Monday, September 14, 2009

Cheesey Crock-Pot Mashed Potatoes

It has been a while since my last update, but here are the mashed potatoes I made for Aaron's surprise birthday party. I made these ahead of time so all I had to do the morning of was put the crock in the cooker and turn it on. You could just make these right before the meal and skip the whole Crock-Pot part if you want.

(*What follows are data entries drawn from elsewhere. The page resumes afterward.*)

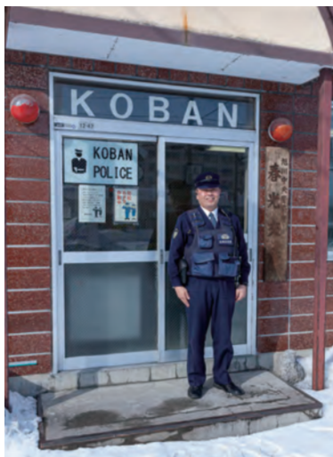
●旭川中央警察署 春光交番 旭川市春光1条8丁目12番47号 ☎0166-51-6456

警察官を騙る振り込め詐欺の手口 振り込め詐欺では、警察官を騙り「あなたのクレジットカードが不正使用されています」「これから○○警察署の○○刑事事ご自宅にカードの確認のため伺います」などと電話をしてきて、被害者に考える時間や余裕を与えることなく、ただちに受け子と呼ばれる犯人がやって来て、カードをだましとられる特殊詐欺が横行していますので、気をつけてほしいと思います。 予防策としては、家にいる時でもいつでも留守番電話にしておくことをおススメします。すぐに折り返し相手を確認できずし、詐欺グループは声を録音されることを嫌います。また、もし警察官を騙ってきた場合は、迷わず110番し「○○警察署に○○さんという刑事さんはいますか？」とお尋ねください。真贋はすぐに分かりますので。
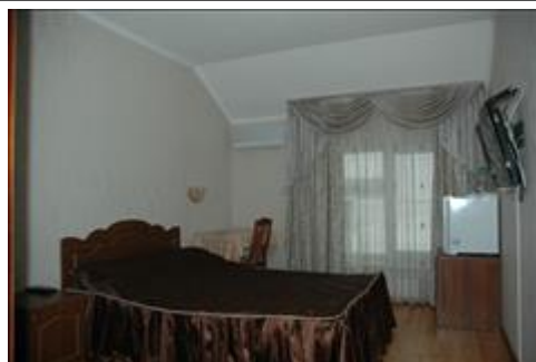
Номер гостиницы. Март Номер гостиницы, в котором проживала спикер в марте 2021 г
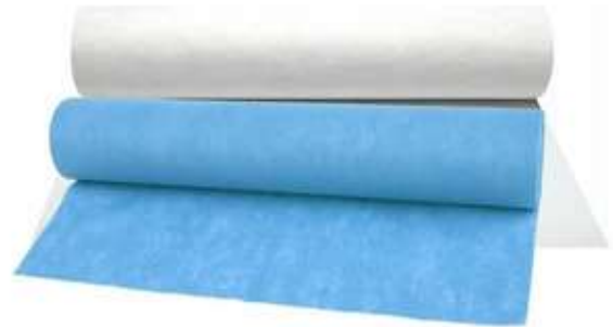
Muestra gráfica de referencia
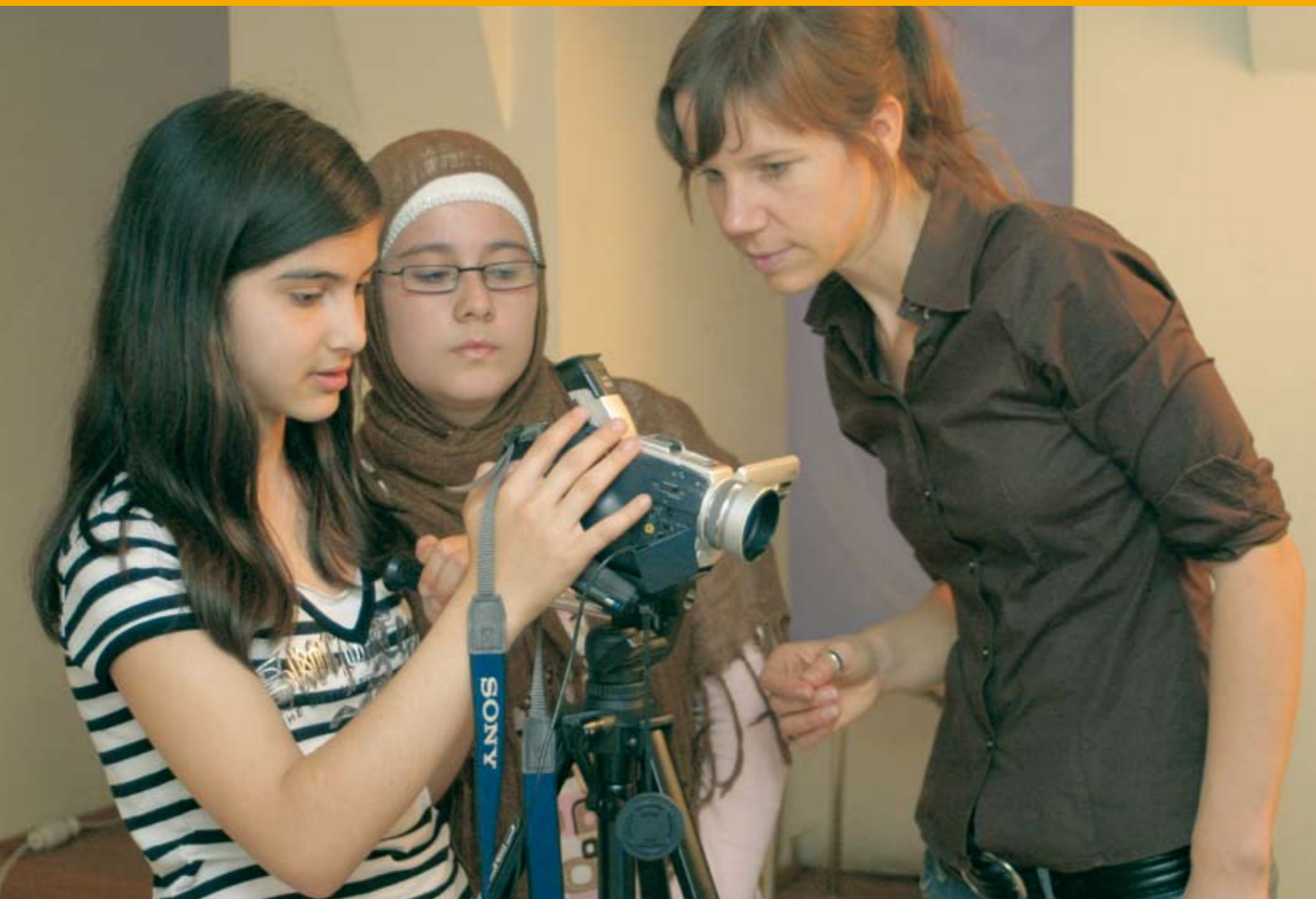
Der Umgang mit Medien wird praxisnah geübt.

Wie versende ich eine E-Mail, kann man sich im www verlaufen, was ist eigentlich eine Bluebox und wie wird aus meinem Urlaubsfoto ein CD-Cover? Medien bestimmen den Alltag von Kindern und Jugendlichen auf Schritt, Tritt und Mausklick. Auch in der Schule können sie durchaus nützlich sein. Medienkompetenz ist eine Schlüsselkompetenz und stellt wichtige Weichen für die Zukunft. Die medienpädagogischen Angebote der gelben Villa haben gleichzeitig das Üben und konkrete Anwenden wie den bewussten und sinnvollen Umgang mit PC und Internet, mit Video, Digitalkamera oder dem Fernsehen zum Ziel. Die moderne Medienausstattung im Haus ist bei Schulklassen wie Hortgruppen gleichermaßen beliebt. Die Medienwerkstätten vermitteln Kindern ab sieben Jahren einerseits das nötige Handwerkszeug, andererseits auch feste Regeln und mögliche Gefahren bei der Nutzung verschiedener Medien. In wiederkehrenden

7 lbs. red or russet potatoes, washed and quartered
8 oz. light cream cheese
16 oz. sour cream
12 oz. shredded cheese (medium or sharp cheddar or Colby Jack)
salt
pepper

Boil potatoes until soft when speared with fork. Drain and mash by hand or with a hand mixer, add cream cheese, sour cream and 8 oz of cheese, stir. Spray stoneware crock with nonstick spray or use a liner, pour in mashed potatoes and put in the fridge overnight. Next day cook the potatoes on high for 3 hours, stirring every hour or so to keep from getting browned on the edges. 10 minutes before you are ready to serve, add the remaining 4 oz. of shredded cheese to the top of the potatoes to melt.

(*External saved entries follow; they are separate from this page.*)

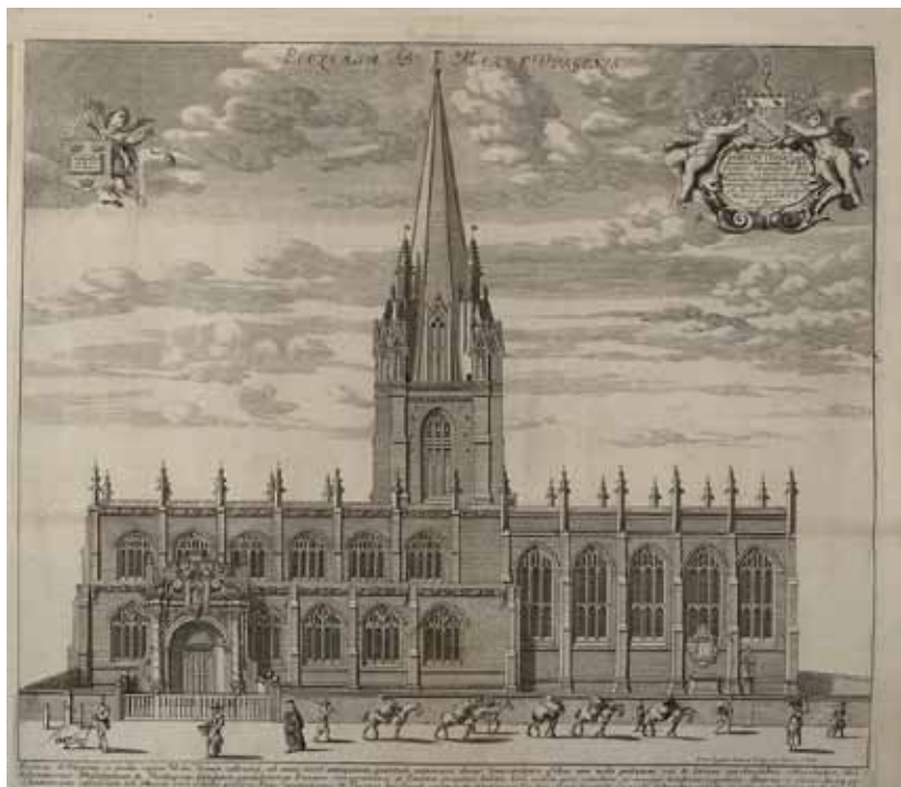
3. Дэвид Логган. Общий вид собора Девы Марии со стороны бокового фасада. 1675. Из комплекта: «Loggan David. Oxonia illustrata, sive Omnium celeberrimae istius universitatis collegiorum...». Бумага, гравюра резцом и офортом. 40,5×44,5 см. Государственный Эрмитаж. Инв. номер У-381/15
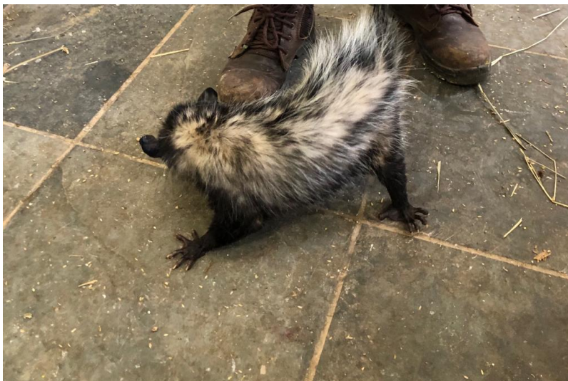
(44363) – Gambá-de-orelha-preta, apresenta protrusão ocular, fratura de mandíbula, palato mole, e sangramento em narinas. Vindo de Bragança Paulista no dia 13-07-2023.
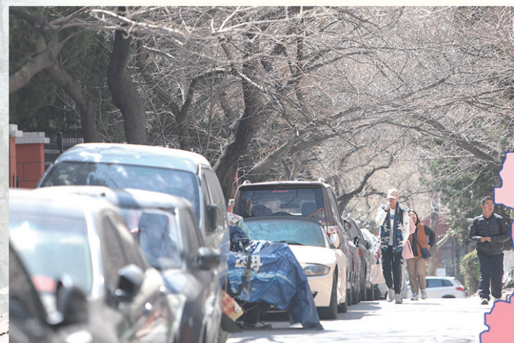
三明南路的樱花花蕾正积蓄着开放的力量。
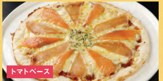
トマトベース 生ハムとスモークサーモンピザ ¥1,500
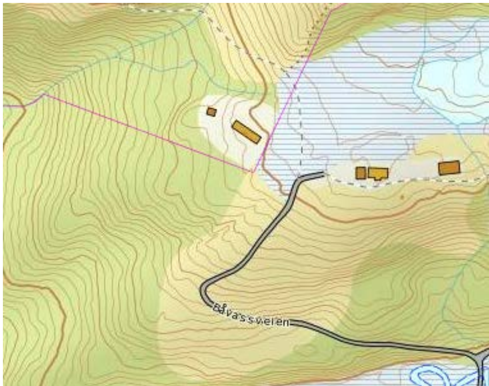
Parkeringsplassen og veien, som benyttes av sameierne, er på naboeiendommen.
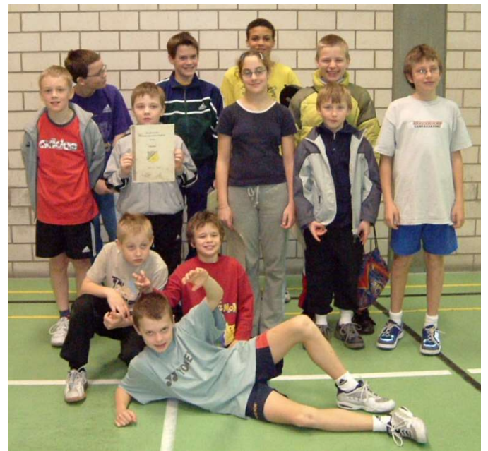
TuS Vereinsmeister – Badminton macht Spass
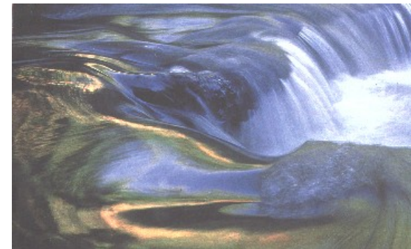
Hot springs- auch Thermalwasser

ich finde meinen Weg, meine Lebensarbeit, mit der ich Mut und Kraft und Freude leben kann

Nutrition Bonus: leave the peels on the potatoes, they are soft so you won't notice them when the potatoes are all mashed up and they have lots of good nutrients!

1 comment:

  1. My new crock-pot cooks so hot even on low. I am very crabby with it. I made a roast and potatoes on low for 6 hours some of the potatoes around the edges were burned tasting. I also made crockpot mac and cheese 3 hours on low it was burned and I even stired it. I am burned out on my crockpot good thing fall is here I won't need to worry about heating up the house with the oven. Going to bake some bread today. Anyway the cheesy potatoes sound good.